• _Exercise instructions_: All lines in the records below from the line with "かつての硫黄採取場に沸く温泉。 辺り一帯が源泉地帯。 至る所で入浴可能。" through the line with "- написав він." are to be given again exactly, both ends included; the pictures are to be left out.

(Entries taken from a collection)
--------------------------------------------------

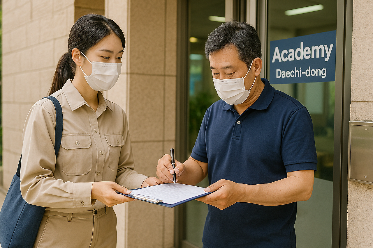 꼼꼼한 방역 점검 서류에 학원 원장 또는 방역 관리자의
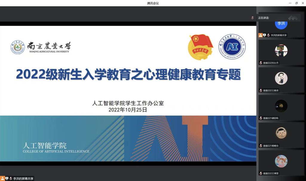 10月25日晚,南京农业大学大学生心理健康教育中心许梓薇老师应邀为人工智能学院2022级新生带来题为《存在,就是向世界伸出你的手——学会在关系中成长》的心理健康教育讲座。本场讲座采用线上直播的方式,新生辅导员李洪老师主持,全体新生参加。
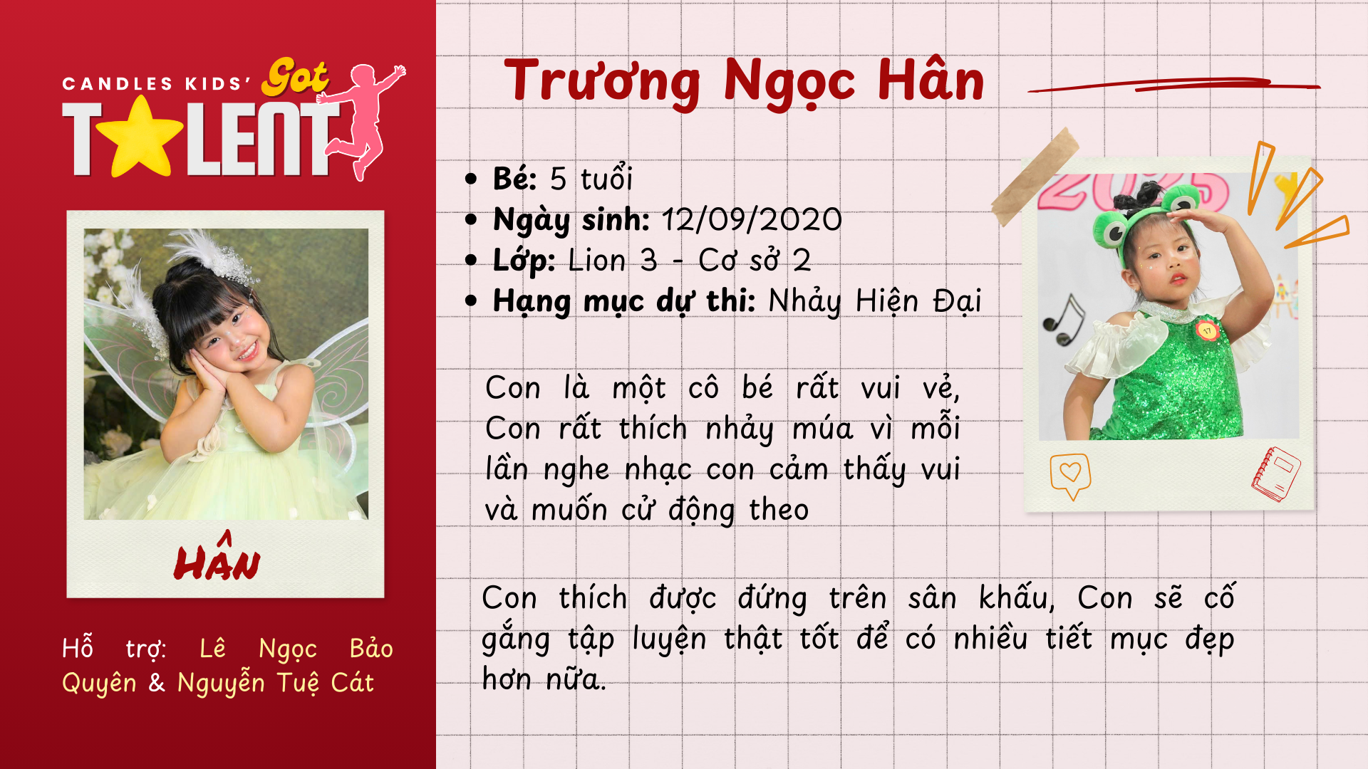 Điều đáng quý ở Hân chính là tinh thần chủ động, sự tập trung và thái độ kiên trì trong từng buổi tập. Mỗi động tác được lặp lại không chỉ để hoàn thiện kỹ thuật, mà còn giúp con học cách vượt qua thử thách và tin vào khả năng của chính mình. Trên sân khấu Candles Kids’ Got Talent 2025, nụ cười rạng rỡ và phong thái tự nhiên của Hân đã chạm đến cảm xúc của nhiều phụ huynh, giáo viên và khán giả.
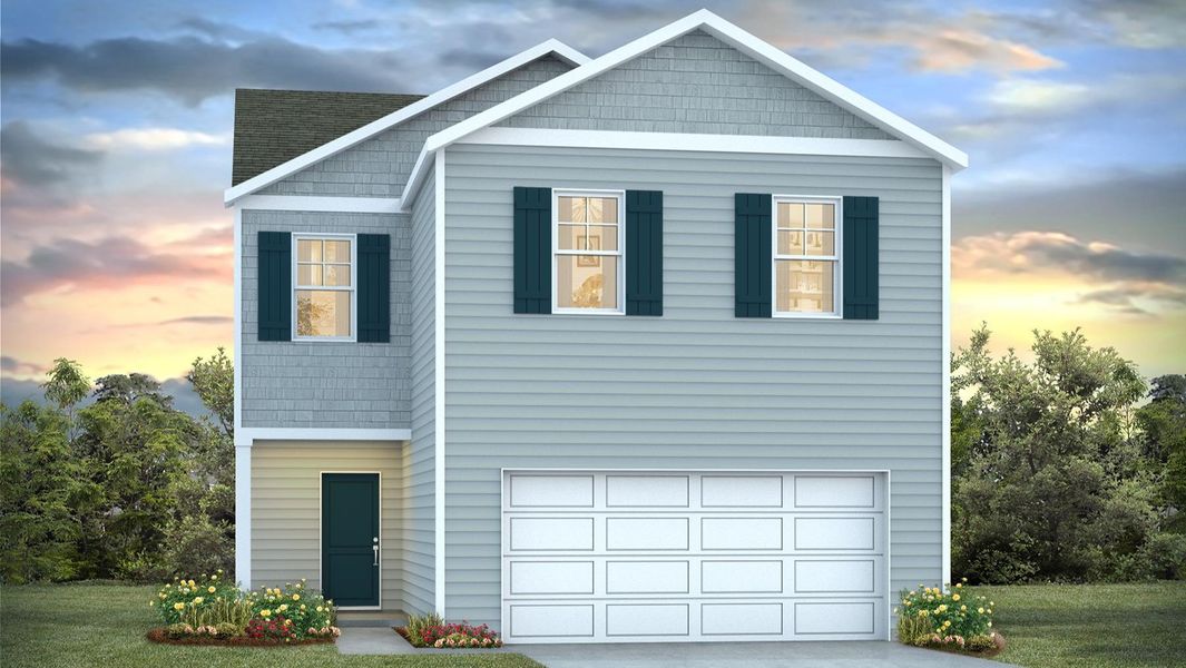 Find yourself at home in the Aisle floorplan in Sease's Pond! The Aisle at 213 Ruby Prince Road comes finished with a soft mist-colored Hardie Plank exterior and navy-blue accents from the doors and shutters. This home features 4 bedrooms, 2.5 bathrooms, modern features, and nearly 2,000 sqft. of living space. It sits on a peaceful, roomy homesite near the back of the quaint community of Sease's Pond.
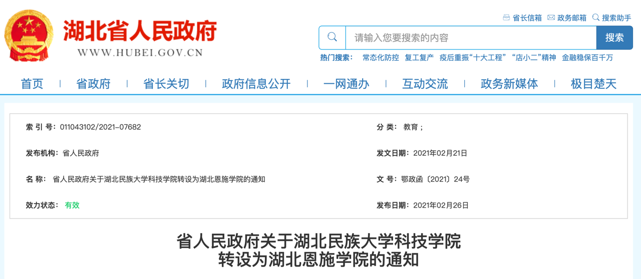 《省人民政府關(guān)于湖北民族大學(xué)科技學(xué)院轉(zhuǎn)設(shè)為湖北恩施學(xué)院的通知》
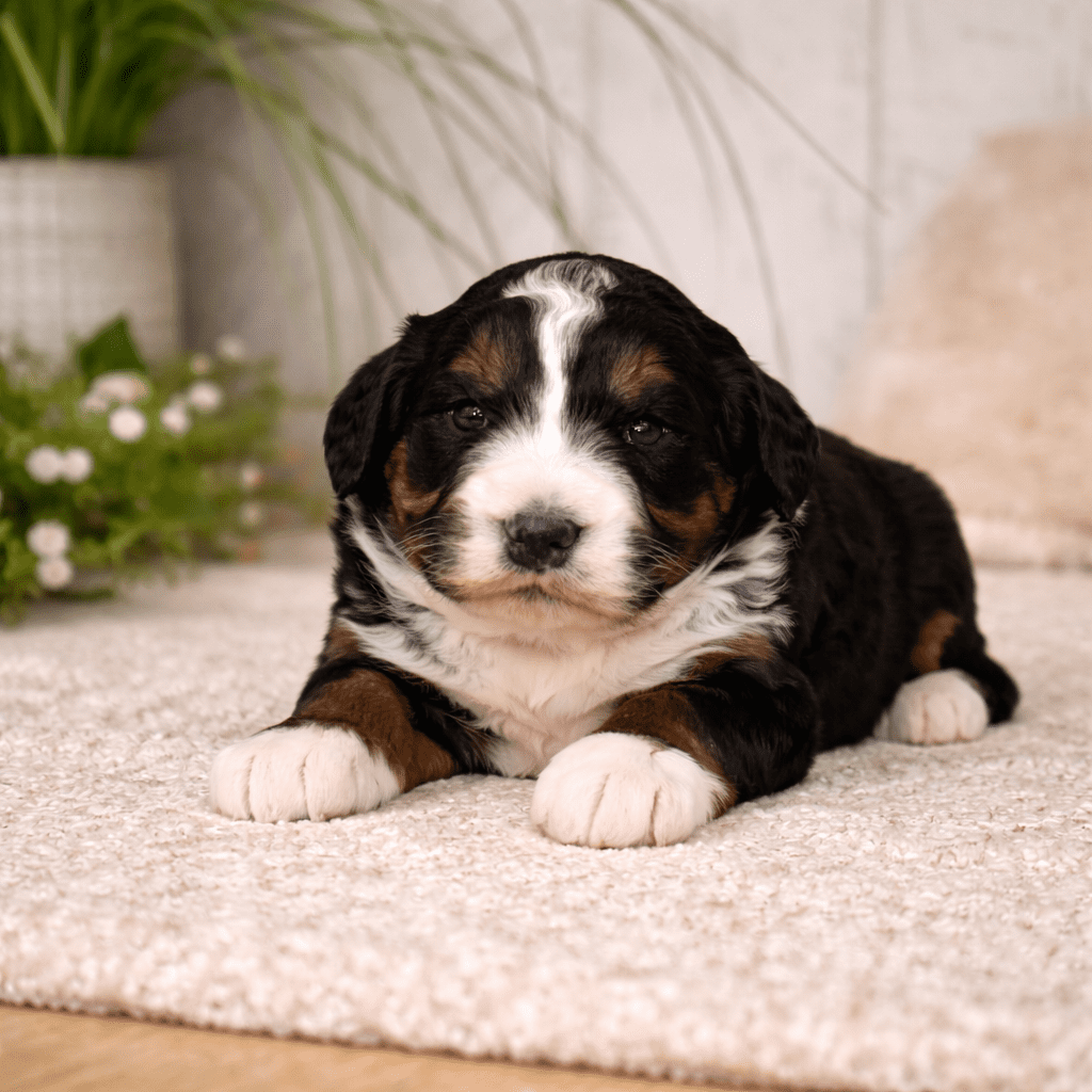 Oakley is a stunning Bernese Mountain Dog with the kind of gentle spirit the breed is famous for. She has a beautiful, well-balanced build, rich tri-color markings, and a calm, expressive face that instantly puts everyone at ease. Oakley is incredibly affectionate and thrives on being close to her people. Whether she’s lounging nearby, following you from room to room, or soaking up belly rubs, she loves being part of the family. True to her Bernese nature, Oakley is patient, nurturing, and exceptionally sweet. She has a steady temperament that makes her wonderful with children and other animals, and she approaches new situations with confidence and grace. Oakley is intelligent and eager to please, which makes her easy to work with and a joy to have around. As a mother, Oakley is attentive and loving, instinctively caring for her puppies with gentleness and devotion. Her calm demeanor and affectionate personality shine through in her babies, giving them a strong foundation for becoming loyal, family-friendly companions. Oakley truly represents the heart of the Bernese Mountain Dog—loving, dependable, and endlessly gentle.
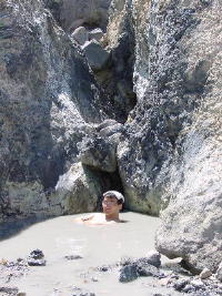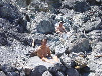 かつての硫黄採取場に沸く温泉。 辺り一帯が源泉地帯。 至る所で入浴可能。 ただし、ガス(硫化水素)が溜まりやすいのとガレ場で足場が危険なので十分な注意が必要。
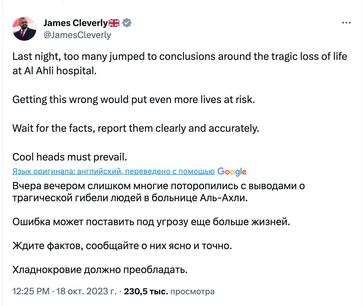 "Вчора ввечері дуже багато поквапилися з висновками про трагічну загибель людей у лікарні Аль-Ахлі. Помилка може поставити під загрозу ще більше життів. Чекайте на факти, повідомляйте про них ясно і точно. Прохолодність має переважати", - написав він.
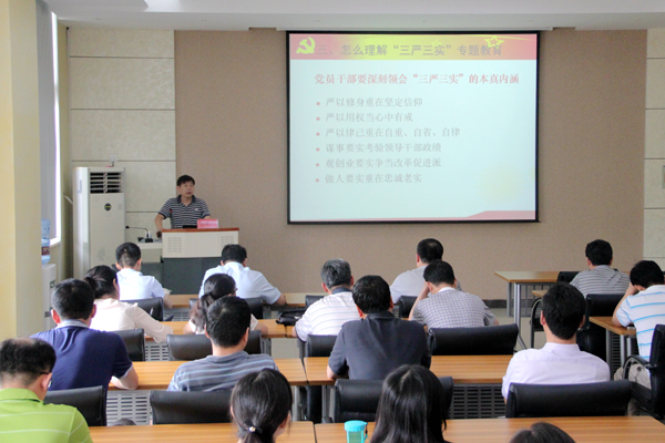 党课围绕为什么开展“三严三实”专题教育、怎么理解“三严三实”专题教育、“不严不实”相关表现、怎么开展“三严三实”专题教育等四方面展开。
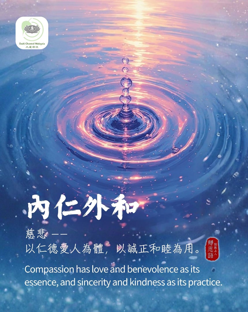 内仁外和 ~ 慈悲 – – 以仁德爱人为体,以诚正和睦为用。
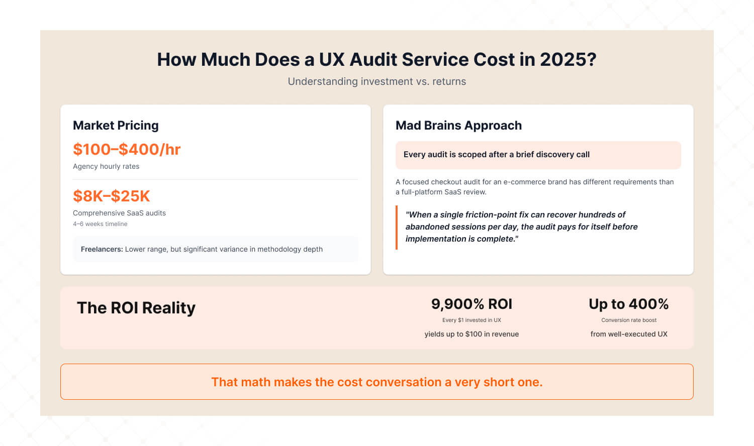 Agency-led UX audits range from $100–$400 per hour, with comprehensive SaaS audits typically running $8,000–$25,000 and taking 4–6 weeks. Freelancers typically range lower, but with significant variance in methodology depth.
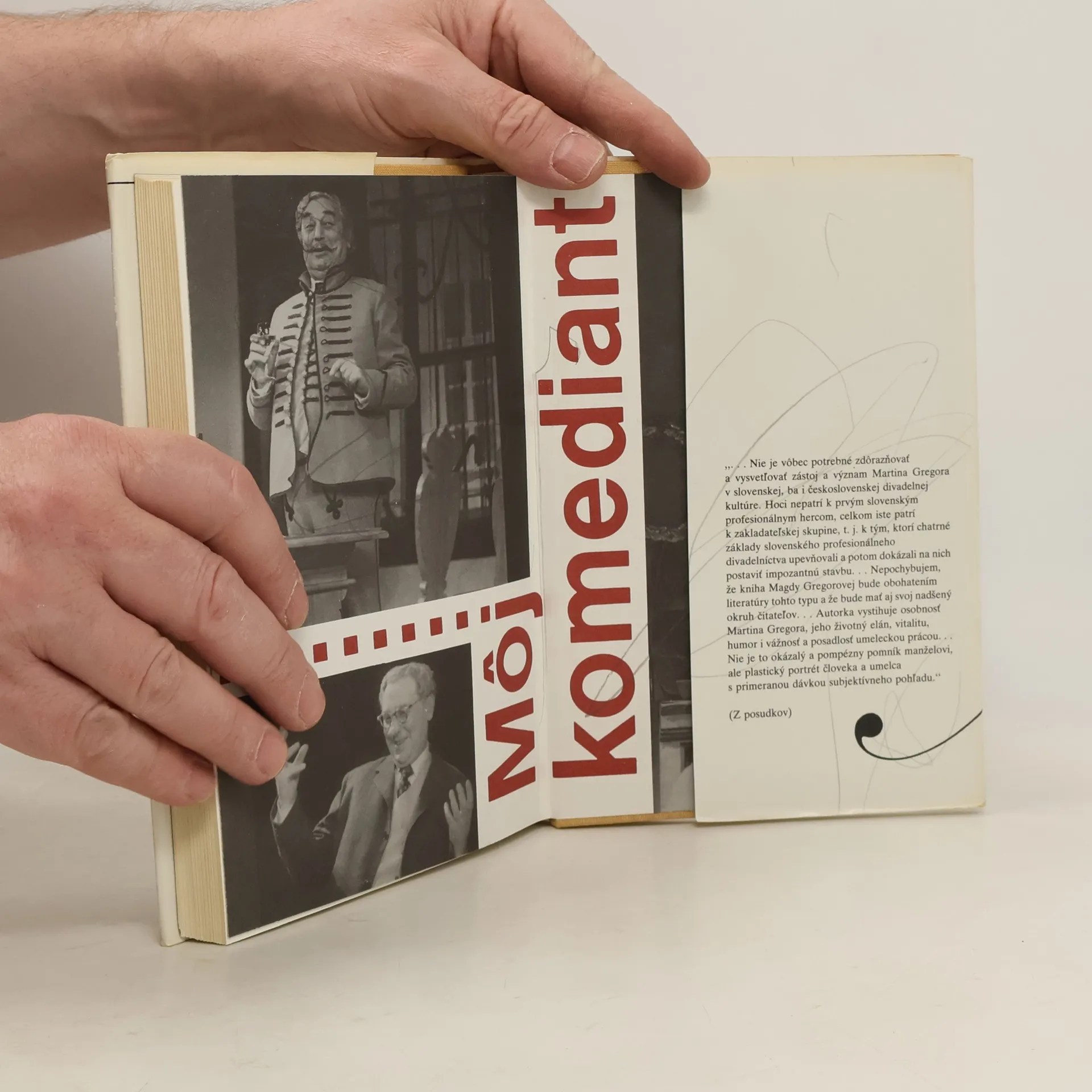 Magda Gregorová sa chytila pera a napísala vlastnými očami videný životopis manžela Martina Gregora. Pre odborníkov, ale aj pre širokú divácku divadelnú obec nemusíme zdôrazňovať, že ide o osobnosť mimoriadne zaujímavú, pre našu socialistickú kultúru neodmysliteľnú, ktorá ostane v jej dejinách natrvalo...Gregorovu tvorbu nikdy pravdivo neosvetlíme, ak sa nezamyslíme nad jeho mladosťou, nad jeho záľubami. Rovnako jeho optimizmus, humanistický postoj k životu, ktorý sa často ozýval z jeho tvorby, nepochopíme, ak si nesprítomníme tvrdosť životných skúšok, krutosť napríklad fašistickej doby a úľavu z oslobodenia...
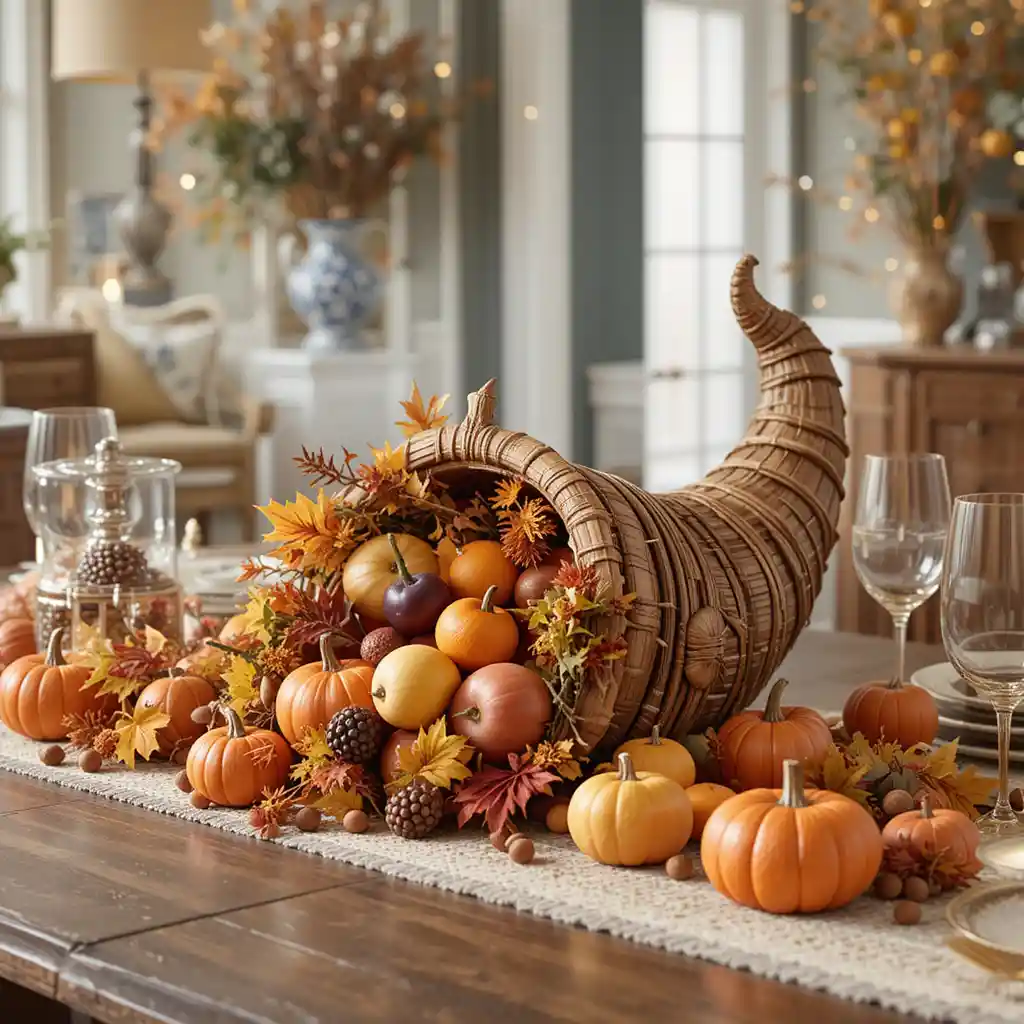 A classic cornucopia filled with fruits, nuts, and autumn leaves symbolizes abundance and gratitude. Place it at the center of your table for a timeless look. Thanksgiving Decorations to Create a Warm
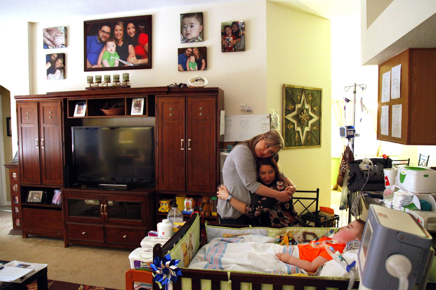 They left their front door unlocked for the stream of nurses and therapists, equipment specialists and UPS drivers. Their garage filled with boxes of trach tubes, surgical tape, oxygen tanks and powdered food.
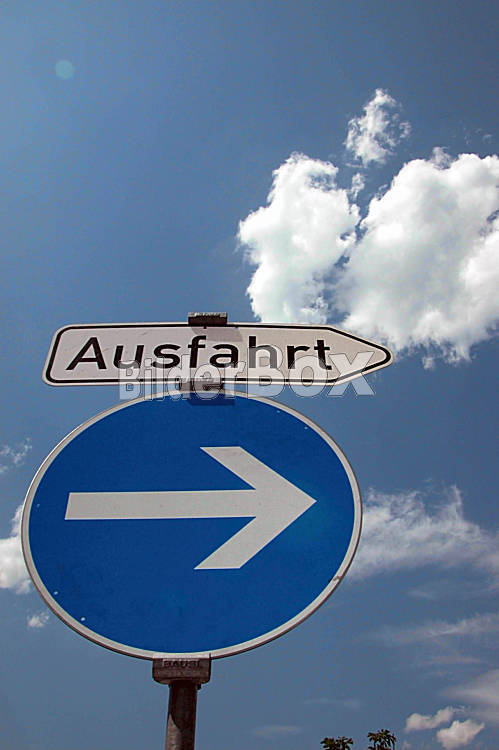 Beschreibung Schild Ausfahrt [ (c) www.BilderBox.com, Erwin Wodicka, A-4063 Breitbrunn, Tel. +43 676 5103 678. Verwendung nur gegen HONORAR, BELEG, URHEBERVERMERK und den AGBŽs auf www.bilderbox.com ]...
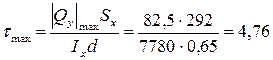 Проверяем прочность балки по наибольшим касательным напряжениям
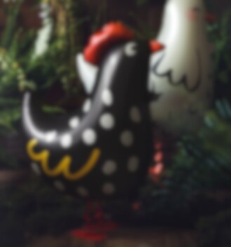 Folieballon der forestiller en sort høne med farverige detaljer. Ballonen er 93 x 60 cm oppustet og kan pustes op med luft eller helium.

--------------------------------------------------

• _Result of the task_:
 かつての硫黄採取場に沸く温泉。 辺り一帯が源泉地帯。 至る所で入浴可能。 ただし、ガス(硫化水素)が溜まりやすいのとガレ場で足場が危険なので十分な注意が必要。
 "Вчора ввечері дуже багато поквапилися з висновками про трагічну загибель людей у лікарні Аль-Ахлі. Помилка може поставити під загрозу ще більше життів. Чекайте на факти, повідомляйте про них ясно і точно. Прохолодність має переважати", - написав він.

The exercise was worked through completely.